– Кто же ты? – выдохнула она, задыхаясь от волнения.
– Я проводник, – не сразу откликнулся ее собеседник. – Я приведу тебя к счастью.
– красный… – восхищенно прошептала Тайрья, оглядываясь вокруг.
– Твой любимый, – подтвердил голос. – Кто-то любит зеленый…
С этими словами все вокруг стало зеленым. Над головой зашуршала листва, и все потонуло в изумрудном свете проникающих сквозь листву лучей весеннего солнца. Беспечность заискрилась в воздухе цветочной пыльцой. А вслед за ней послышалось гудение шмеля.
– Другие обожают желтый…
Воздух всколыхнулся лепестками цветов: насыщенно-желтого цвета роз, лимонных нарциссов, бледных, как утренняя заря, астр, и скромных акаций, и дерзких маргариток, и экзальтированных гладиолусов, и непоседливой мимозы… И среди капель этого цветочного дождя ладьями скользили кленовые листья, позолоченные осенью. И все было забрызгано солнечным смехом…
А ты любишь красный, и я полностью разделяю твой выбор.
Пространство снова заполонило тягучее тепло, алые ленты огня и винные брызги пьянящей страсти. Тайрья хотела возразить, что вовсе ничего она не выбирала, но дыхание перехватил терпкий аромат сандала, и мысли вскружило и унесло, как молотую корицу неосторожным порывистым вздохом. Морской бриз скользнул по длинным волосам, окутал тонкую шею шелковым платком. Нежное тепло обхватило талию, мягко, но властно притянуло к себе. Пробежавшая по телу искра импульса вызвала легкую слабость и сладкую дрожь.
Семена страстности и азарта, до того пребывавшие в анабиозе, покрытые плотной корой страха и нерешительности, пульсировали новой жизнью. Они взрывались миллиардом огненных брызг и высвобождали, подобные новым галактикам, ростки чувственности. Тонкие, еще слабые побеги, подпитываемые, согреваемые острыми лучами желания, тянулись, наощупь прокладывая себе дорогу, сперва робко, но затем все увереннее и настойчивее устремляясь вперед.
Тонкие пальцы скользили по молодому и сильному телу, на время превратившись в глаза и уши. Они видели звуковые волны вибрирующего альта, они слышали потоки дождя, заливающего иссушенные дыханием горящего гелия земли, клокочущего в широких весенних реках.

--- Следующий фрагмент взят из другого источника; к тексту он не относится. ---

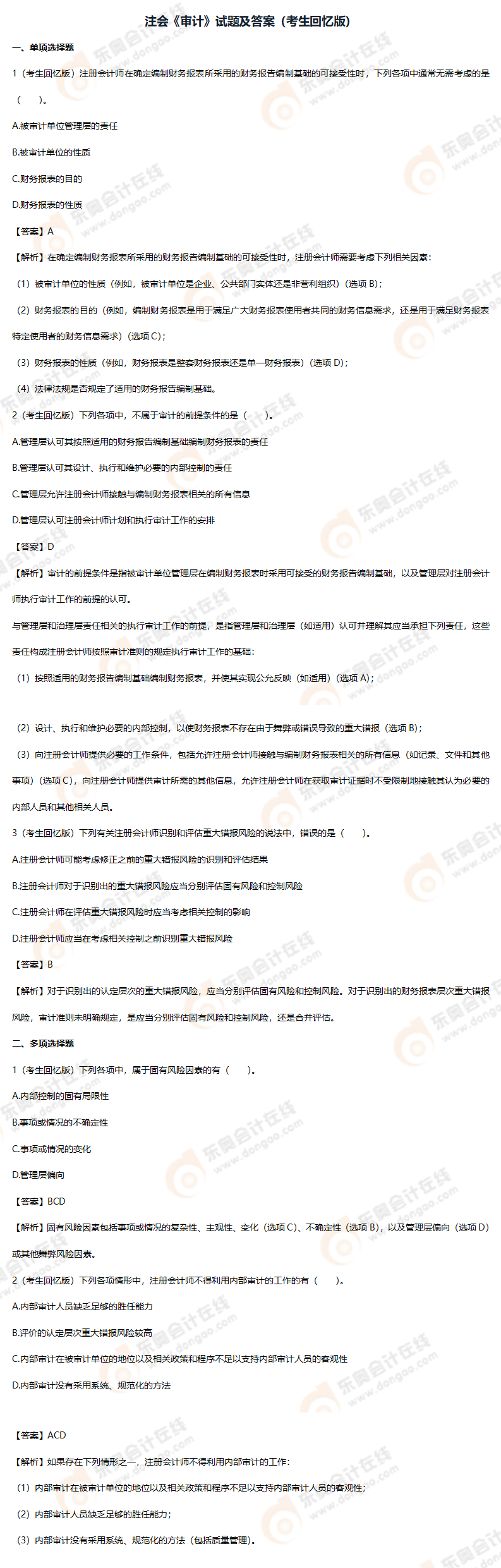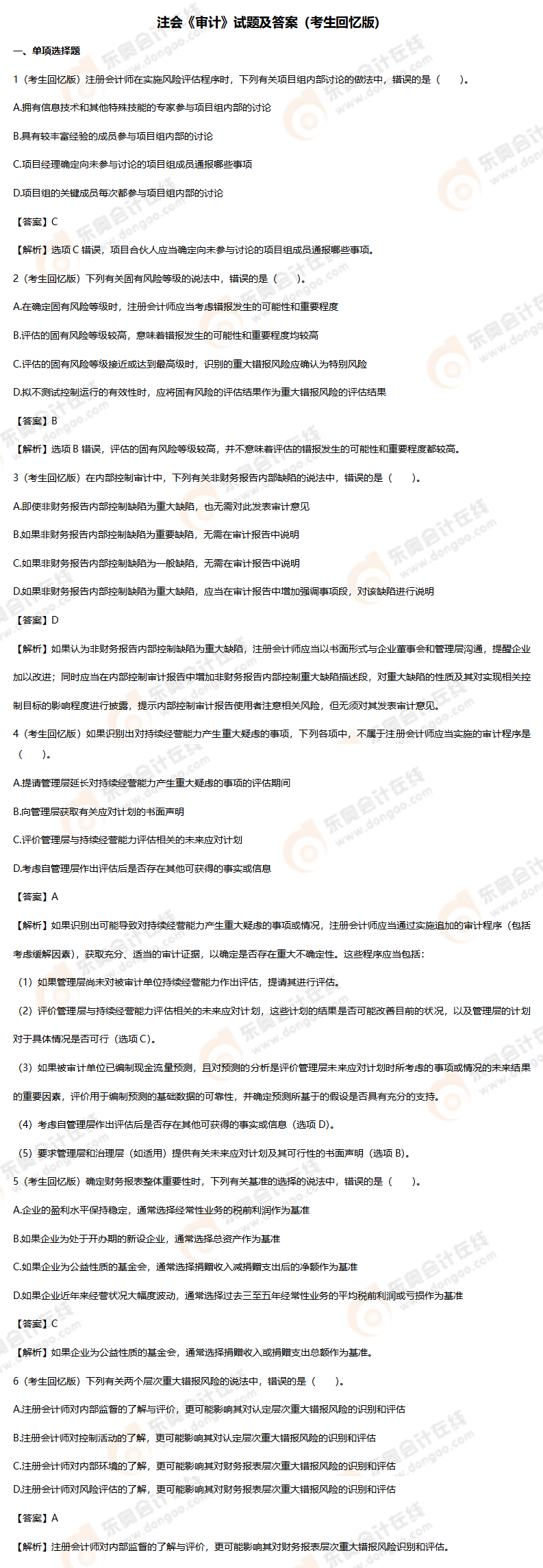 注:以上注冊會(huì)計(jì)師考試試題內(nèi)容由考生回憶反饋,東奧教研團(tuán)隊(duì)統(tǒng)計(jì),東奧會(huì)計(jì)在線整理發(fā)布

Крепкие руки подхватили и прижали к себе. Лицо погрузилось в ночной мрак его волос, источавших воздушный запах хвои и озона. Ноги ощущали каждых сделанный шаг, не свой шаг: через тепло напряженных мышц, их размеренный танец, толчки спружинивших от опоры ступней.

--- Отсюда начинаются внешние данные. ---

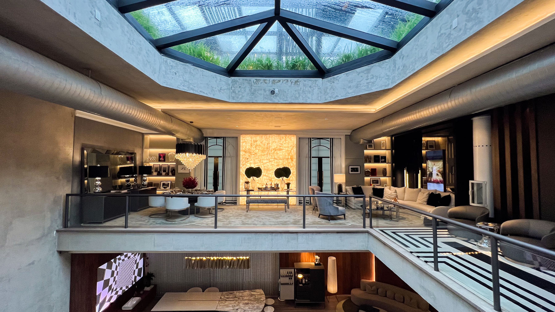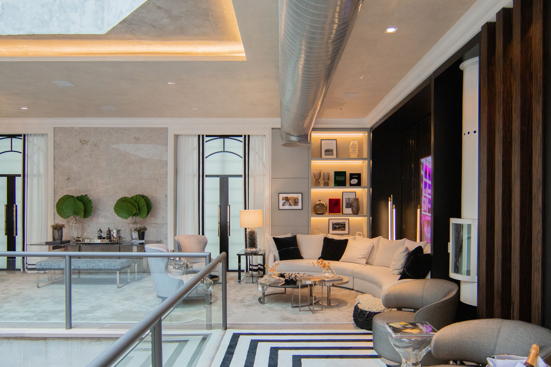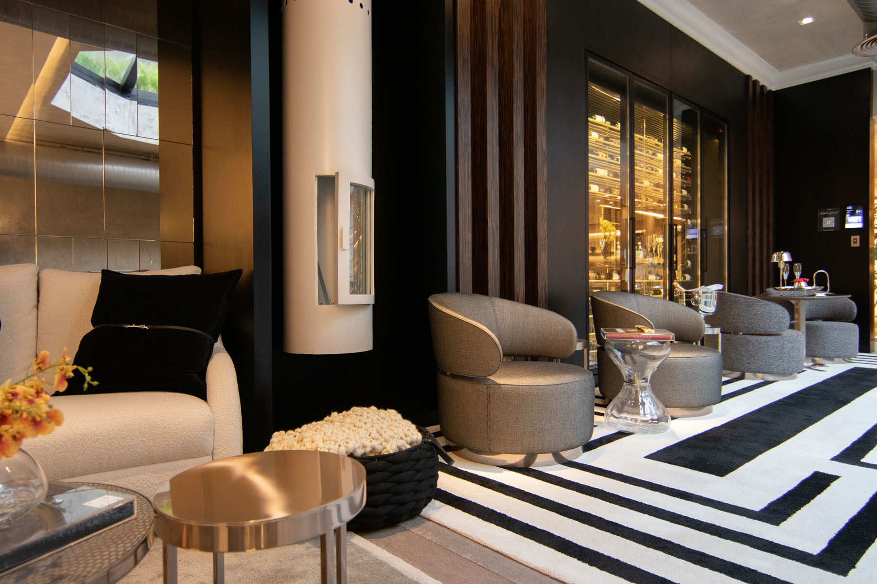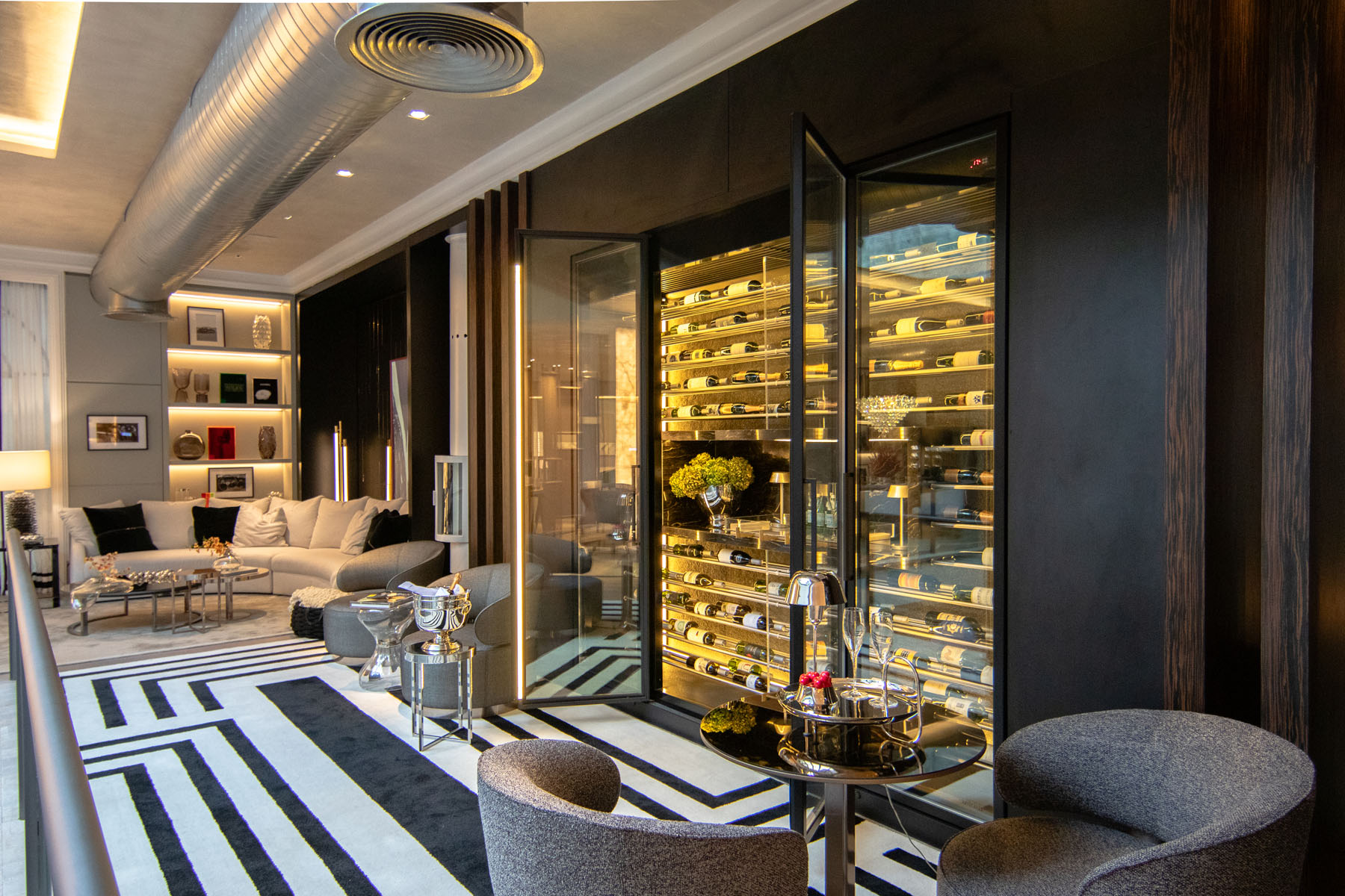 Description: Project of a multifunctional space with a wine cellar, cigar lounge, living area, bar, and dining. The proposal aims to create a journey of relaxation and interaction, highlighting sinuous furniture to provide a fluid and welcoming atmosphere, conveying refinement and sophistication through functional and timeless furniture.
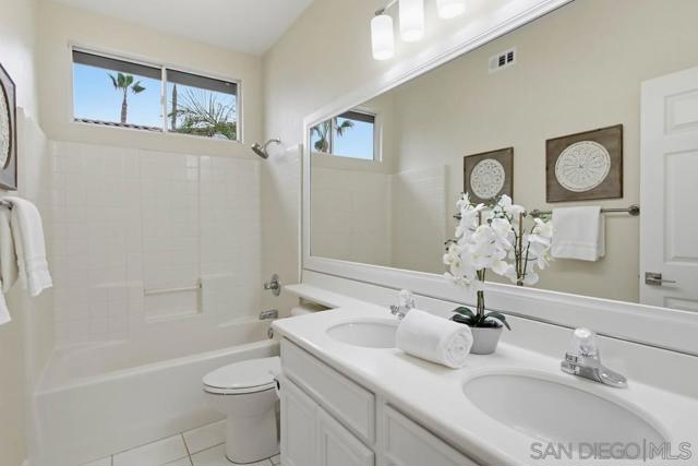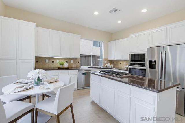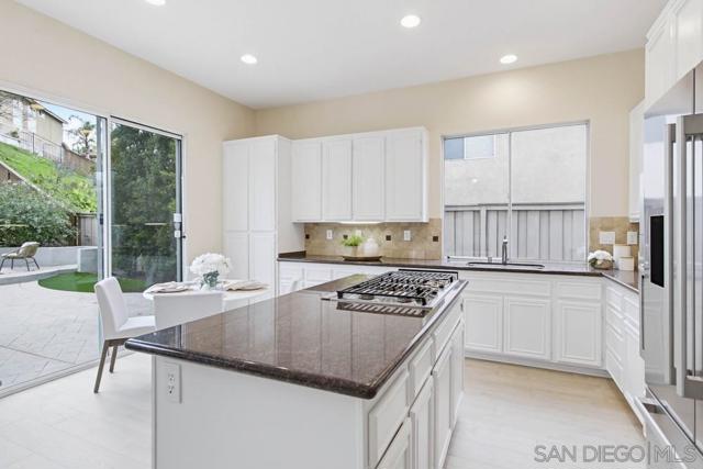 Kick off the new year in this sophisticated Scripps Ranch residence, recently upgraded with fresh paint and new flooring throughout, plus owned Solar. Inviting living spaces are highlighted by a gas fireplace in the family room and vaulted ceilings in the formal dining and living areas. The heart of the home is a chef’s kitchen equipped with a granite slab island, a five-burner gas range, and premium stainless steel appliances, complete with a sunny eating area and a slider leading directly to the outdoor patio and professionally landscaped backyard. The intelligently designed floor plan features 5 bedrooms, including a versatile upstairs flex room with double doors that serves perfectly as an optional fifth bedroom, playroom or executive office. The primary suite is an airy retreat with vaulted ceilings, a separate tub and shower, and spacious walk-in closet. Modern upgrades include an owned solar system (approx. 22 panels), a newer tile roof, and a 2-car garage thoughtfully equipped with a dedicated EV charger, heavy-duty overhead ceiling racks, and extensive storage shelving. Enjoy this turn-key home in the heart of Scripps Ranch with top-rated schools, no Mello-Roos, and a low HOA fee!

Издалека летели всплески падающих капель. Они питали корни разросшейся страсти, ее побеги обвивали обоих гибким вьюнком и осыпали цветами гибискуса.
Недлинный путь подошел к концу, горизонт прочертил вертикаль, и Тайрья ощутила, как ладони уперлись в мягкий и упругий ворс меха или мха рыжеватого цвета киновари.
Подняв голову и посмотрев вперед, Тайрья увидела колеблющиеся огоньки тюльпанов, но, возможно, это была поляна цветущих свечей. В лицо дунуло хрустальным звучанием скрипки. Ее мелодия была похожа на нежное прикосновение лепестков розы. Приподняло, закружило в вихре звука и обрушило в лавину света, подхватившую их обоих, ставших вдруг легкими, как облака на рассвете. Они взмывают вверх, и, кажется, что сердце сейчас остановится, перешагнет границы тела и начнет существовать отдельно. Они срываются вниз, и пронзительный восторг отражается эхом звучания скрипки. И они не знают, сколько еще лететь в эту пропасть. Сладким дурманом пьянит страх разбиться, но бойкое соло виолончели гонит прочь опасения и заменяет их уверенностью нового взлета.
Вихрь чувств. Брызги эмоций. И, кажется, возможно все, лишь бы суметь унять безумие водоворота и хоть на миг обрести равновесие. Скорость близка к скорости света. Нет, она гораздо больше. И вот острые осколки холодных лучей теперь рассеяны в прозрачной черноте. Звучание сердца переходит в ультразвук.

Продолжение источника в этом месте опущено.